Литмир - Электронная Библиотека

В русских редакциях этот тип сказки иногда смешивается с типом «Горшени» (см. № 3 и примечания). Вопросы варианта Сороковикова наиболее распространены и, пожалуй, даже каноничны. Из других вопросов встречаются: «как глубоко море?», «где центр земли?», «сколько листьев на дереве?», «что делает бог?» и др. Из литературных русских обработок сюжета о мудрых ответах (без темы монастыря) наиболее популярно стихотворение А. Н. Майкова «Пастух».

ПРИЛОЖЕНИЯ

I

СЮЖЕТ «ВЕРНОЙ ЖЕНЫ» В ИЗЛОЖЕНИИ РАЗНЫХ СКАЗОЧНИКОВ

СКАЗКА Н. О. ВИНОКУРОВОЙ

ВЕРНАЯ ЖЕНА

ВОТ один купеческой сын, подошло ему время жаниться, и не мог нигде невесты подыскать, ни в городе и нигде ему не по душе. Искал — сватал — нигде ему по сердцу нету. И скоро он заго̀ньшиков рассылал по иным городам, карточки ему посылали. 77 карточков снял с невестох из иных городов. И никотора картинка ему от души не подходит. В одно время разложил он все ети карточки. Надо же решиться. «Докуль буду я один жить?» Из 77 на 3-х карточках решился. «Ну, поеду: ту ли, другу ли, третью возьму».

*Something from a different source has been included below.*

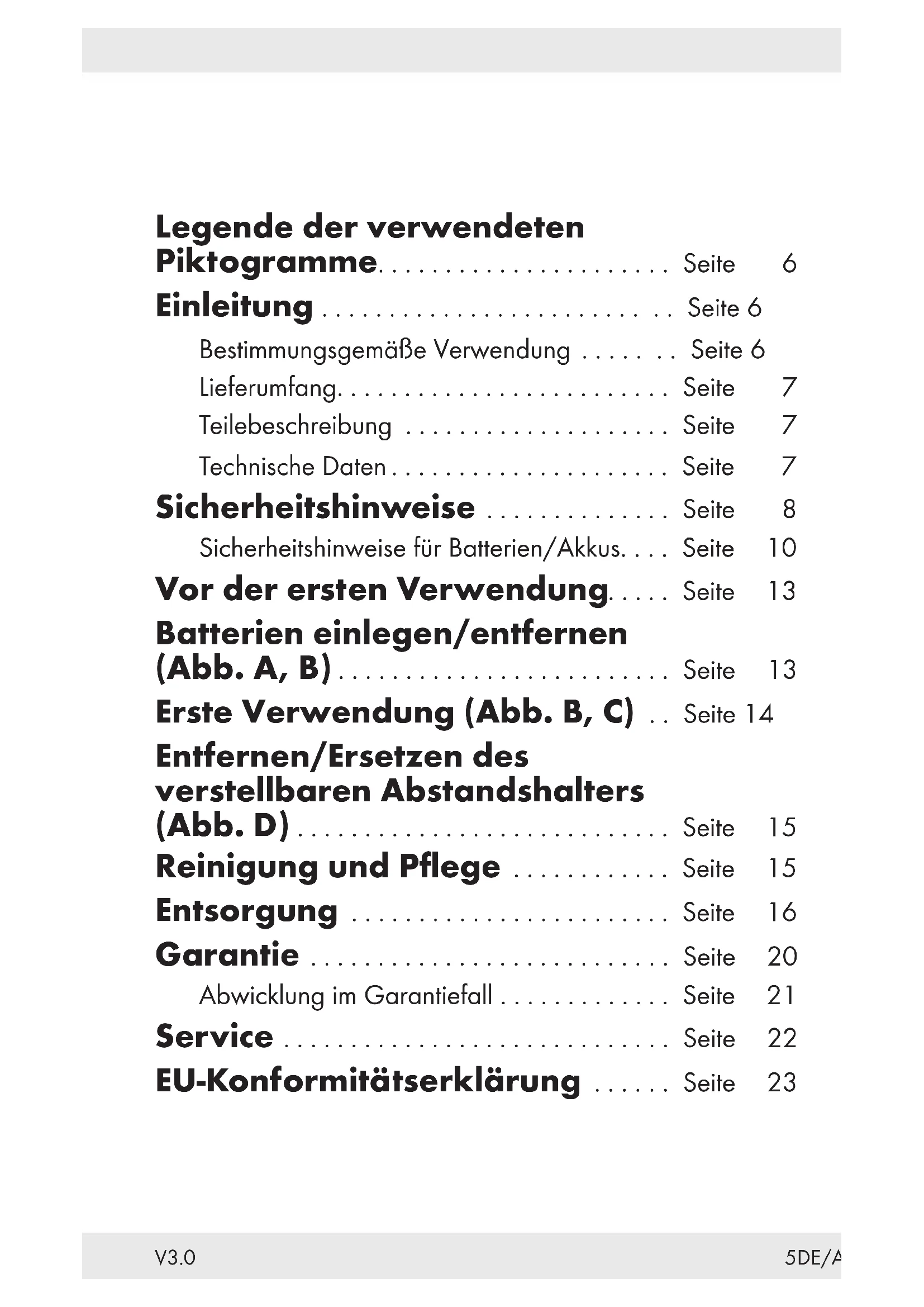 0DE5DE/AT/CH V3.0 Legende der verwendeten Piktogramme.................... . . Seite 6 Einleitung ........................ . . Seite 6 Bestimmungsgemäße Verwendung ..... . . Seite 6 Lieferumfang....................... . . Seite 7 Teilebeschreibung .................. . . Seite 7 Technische Daten ................... . . Seite 7 Sicherheitshinweise ............ . . Seite 8 Sicherheitshinweise für Batterien/Akkus.. . . Seite 10 Vor der ersten Verwendung... . . Seite 13 Batterien einlegen/entfernen (Abb. A,B) ....................... . . Seite 13 Erste Verwendung (Abb. B, C) . . Seite 14 Entfernen/Ersetzen des verstellbaren Abstandshalters (Abb. D) .......................... . . Seite 15 Reinigung und Pflege .......... . . Seite 15 Entsorgung ...................... . . Seite 16 Garantie ......................... . . Seite 20 Abwicklung im Garantiefall ........... . . Seite 21 Service ........................... . . Seite 22 EU-Konformitätserklärung .... . . Seite 236 DE/AT/CH Legende der verwendeten Piktogramme Gleichstrom/-spannung Batterien mitgeliefert Das CE-Zeichen bestätigt Konformität mit den für das Produkt zutreffenden EU-Richtlinien. FUSSELRASIERER Einleitung Wir beglückwünschen Sie zum Kauf Ihres neuen Produkts. Sie haben sich damit für ein hochwertiges Produkt entschieden. Die Bedienungsanleitung ist Teil dieses Produkts. Sie enthält wichtige Hinweise für Sicherheit, Gebrauch und Entsorgung. Machen Sie sich vor der Benutzung des Produkts mit allen Bedien- und Sicherheitshinweisen vertraut. Benutzen Sie das Produkt nur wie beschrieben und für die angegebenen Einsatzbereiche. Händigen Sie alle Unterlagen bei Weitergabe des Produkts an Dritte mit aus. Bestimmungsgemäße Verwendung Dieses Produkt ist zur Entfernung von Knoten und Fusseln von Kleidungsstücken oder Möbeln vorgesehen. Dieses Produkt darf nicht auf anderen Oberflächen wie Haut, Holz, Kunststoff oder Metall verwendet werden.7DE/AT/CH Das Produkt ist nur zur Verwendung in privaten Haushalten bestimmt und darf nicht zur gewerblichen Nutzung verwendet werden. Der Hersteller übernimmt keine Haftung für Schäden aufgrund unsachgemäßer Verwendung. Lieferumfang 1 Fusselrasierer 1 Kurzanleitung 1 Reinigungspinsel 2 Batterien, Typ AA (LR6) 1 Schutzkappe Teilebeschreibung [1] EIN-/AUS-Schalter [2] Batterien [3] Batteriefach-Abdeckung [4] Reinigungspinsel [5] Fussel-Behälter [6] Schutzkappe [7] Verstellbarer Abstandshalter [8] Gleitstück [9] Schneidklingen [] Batteriefach Technische Daten Spannung: 3 V Nennstrom: 0,8 A Batterien: 2 x 1,5 V , AA (LR6) Schalldruck-Emissionen: < 70 dB(A) K = 3 dB8 DE/AT/CH Sicherheitshinweise

Потом в одно време пришла к имя́ одна нищая на куфню просить кусок хлеба, и прошла мимо ихого дома. А нишшая ета была двадцати пяти годох девушка. Он в окошко кинул зор на ее. Вот припала к душе ета нишшая. Велел прислугам воротить. Прислуги ее огаркивают: «Воротись, мол, скоре». Та спужа́лась. — «Што такое — я ничо, ведь, у вас не украла, вы мне подали, я и пошла». Воротилась, ета нишшая с горьким слезам, напужалась. Для чего вора́чивают? — «Ничего не брала, не украла, и приступления никакого с имя̀ не делывала». Распорядился етот Иван купеческой сын: «Прямо в палату к нему пушай идет. Принуждёна ета нишшая девушка класть свой мешок и итти к нему на лицо.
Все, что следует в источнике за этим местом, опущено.